Data entries
____________________
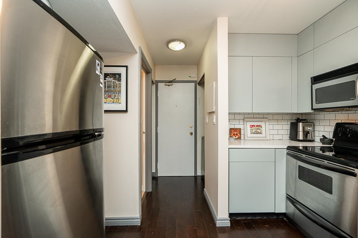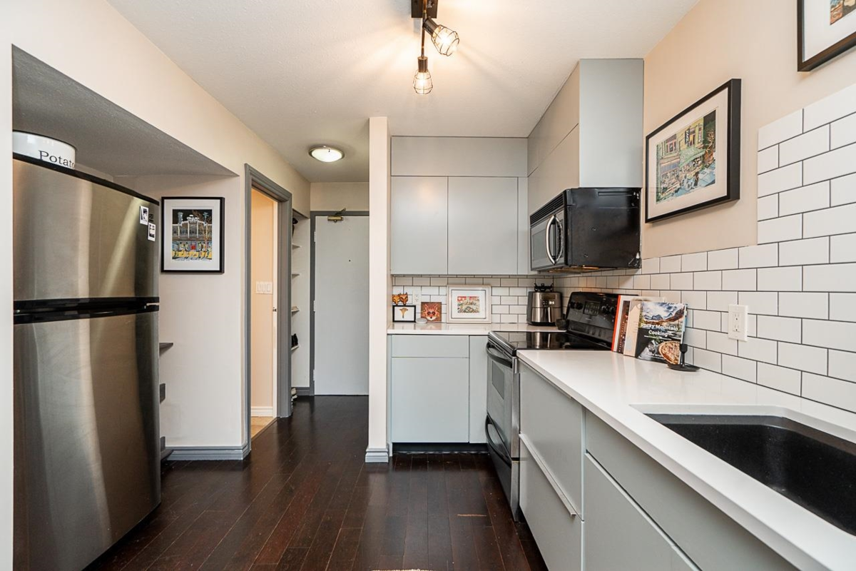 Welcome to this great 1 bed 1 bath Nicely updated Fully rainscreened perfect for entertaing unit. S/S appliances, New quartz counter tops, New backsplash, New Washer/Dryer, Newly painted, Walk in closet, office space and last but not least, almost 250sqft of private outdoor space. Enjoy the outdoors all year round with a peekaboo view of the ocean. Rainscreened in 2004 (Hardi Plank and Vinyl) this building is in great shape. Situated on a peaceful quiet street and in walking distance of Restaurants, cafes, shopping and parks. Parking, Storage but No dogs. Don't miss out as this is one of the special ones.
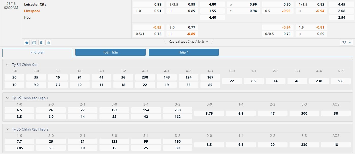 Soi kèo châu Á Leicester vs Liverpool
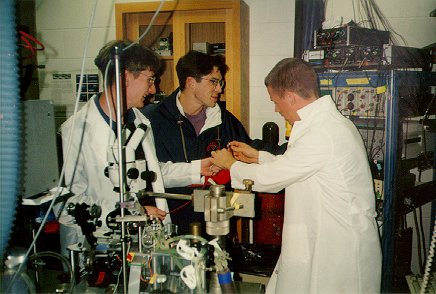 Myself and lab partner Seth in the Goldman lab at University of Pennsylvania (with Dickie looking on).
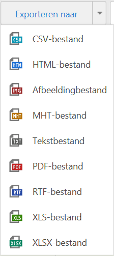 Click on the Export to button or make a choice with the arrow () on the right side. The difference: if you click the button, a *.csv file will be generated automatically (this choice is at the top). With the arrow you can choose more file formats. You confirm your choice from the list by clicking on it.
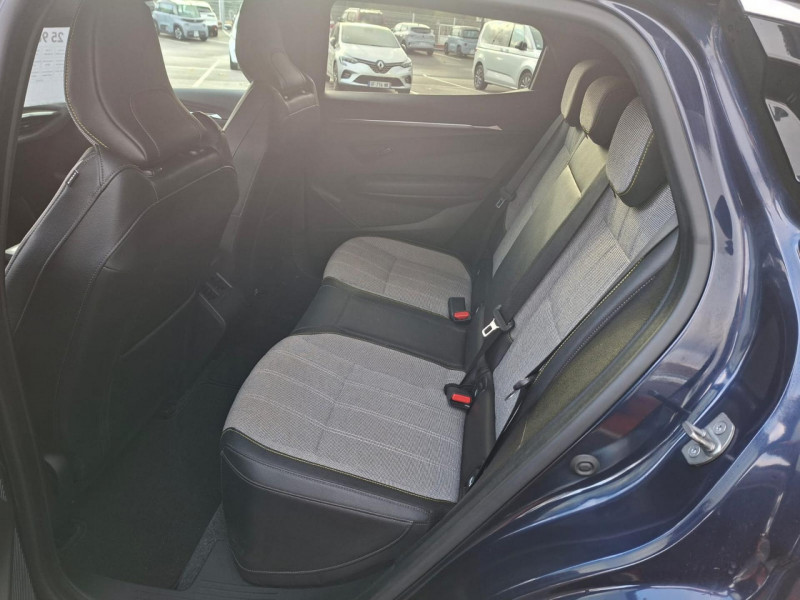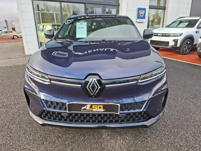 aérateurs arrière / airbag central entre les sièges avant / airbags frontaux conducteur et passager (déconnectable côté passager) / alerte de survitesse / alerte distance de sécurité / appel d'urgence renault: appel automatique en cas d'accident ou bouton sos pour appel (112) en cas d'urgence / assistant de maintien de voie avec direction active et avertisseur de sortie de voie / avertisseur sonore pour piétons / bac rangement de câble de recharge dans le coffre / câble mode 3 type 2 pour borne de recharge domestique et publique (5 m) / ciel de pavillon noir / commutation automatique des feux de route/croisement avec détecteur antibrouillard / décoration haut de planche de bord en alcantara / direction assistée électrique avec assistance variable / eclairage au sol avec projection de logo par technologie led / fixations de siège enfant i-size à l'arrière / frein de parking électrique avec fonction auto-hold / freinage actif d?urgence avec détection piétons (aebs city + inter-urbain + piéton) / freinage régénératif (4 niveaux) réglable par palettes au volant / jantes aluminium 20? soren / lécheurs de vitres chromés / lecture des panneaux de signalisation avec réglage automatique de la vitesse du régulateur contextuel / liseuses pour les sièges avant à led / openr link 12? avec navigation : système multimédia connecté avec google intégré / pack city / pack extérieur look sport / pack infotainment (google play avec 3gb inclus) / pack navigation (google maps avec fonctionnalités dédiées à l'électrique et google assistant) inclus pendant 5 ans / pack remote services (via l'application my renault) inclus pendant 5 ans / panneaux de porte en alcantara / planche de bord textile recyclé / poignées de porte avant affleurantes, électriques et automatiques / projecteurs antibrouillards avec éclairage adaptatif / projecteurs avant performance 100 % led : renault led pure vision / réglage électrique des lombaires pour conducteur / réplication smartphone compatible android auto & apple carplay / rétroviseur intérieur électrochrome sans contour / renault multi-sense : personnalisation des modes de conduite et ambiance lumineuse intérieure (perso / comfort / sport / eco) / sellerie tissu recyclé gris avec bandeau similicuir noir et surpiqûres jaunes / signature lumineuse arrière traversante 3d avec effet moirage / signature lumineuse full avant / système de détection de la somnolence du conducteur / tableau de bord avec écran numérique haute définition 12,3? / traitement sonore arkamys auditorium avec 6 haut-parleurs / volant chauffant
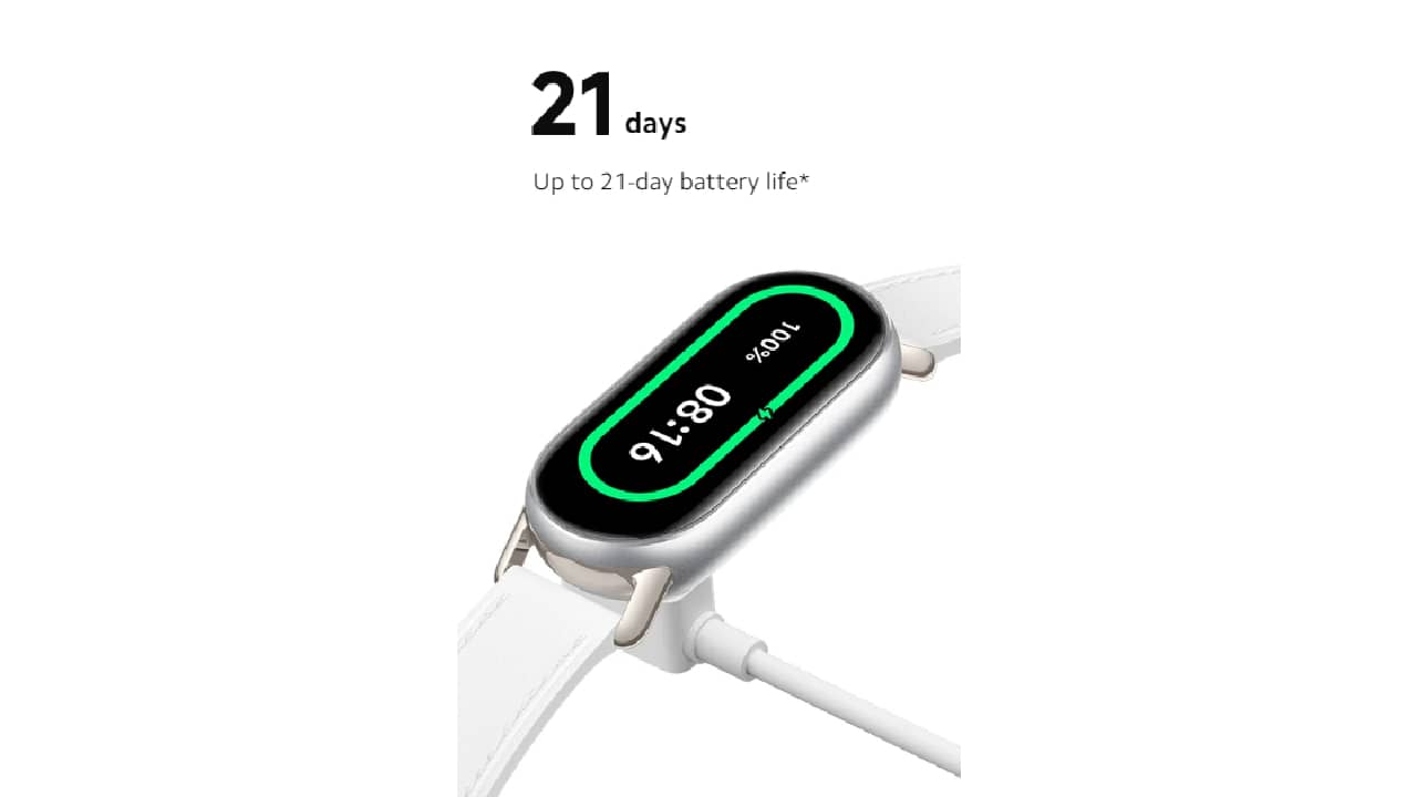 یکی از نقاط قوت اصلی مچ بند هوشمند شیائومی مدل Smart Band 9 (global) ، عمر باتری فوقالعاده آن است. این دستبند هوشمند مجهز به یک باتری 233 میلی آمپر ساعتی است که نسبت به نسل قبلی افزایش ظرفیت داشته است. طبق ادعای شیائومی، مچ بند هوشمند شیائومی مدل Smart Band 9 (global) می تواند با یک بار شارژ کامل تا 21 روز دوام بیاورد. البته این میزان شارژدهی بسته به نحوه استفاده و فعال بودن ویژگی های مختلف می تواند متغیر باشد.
____________________
Instructions to follow:
Word for word, write out the lines from the top of the records above down to the line holding "Soi kèo châu Á Leicester vs Liverpool", inclusive, but not the pictures.

Answer below:
 Welcome to this great 1 bed 1 bath Nicely updated Fully rainscreened perfect for entertaing unit. S/S appliances, New quartz counter tops, New backsplash, New Washer/Dryer, Newly painted, Walk in closet, office space and last but not least, almost 250sqft of private outdoor space. Enjoy the outdoors all year round with a peekaboo view of the ocean. Rainscreened in 2004 (Hardi Plank and Vinyl) this building is in great shape. Situated on a peaceful quiet street and in walking distance of Restaurants, cafes, shopping and parks. Parking, Storage but No dogs. Don't miss out as this is one of the special ones.
 Soi kèo châu Á Leicester vs Liverpool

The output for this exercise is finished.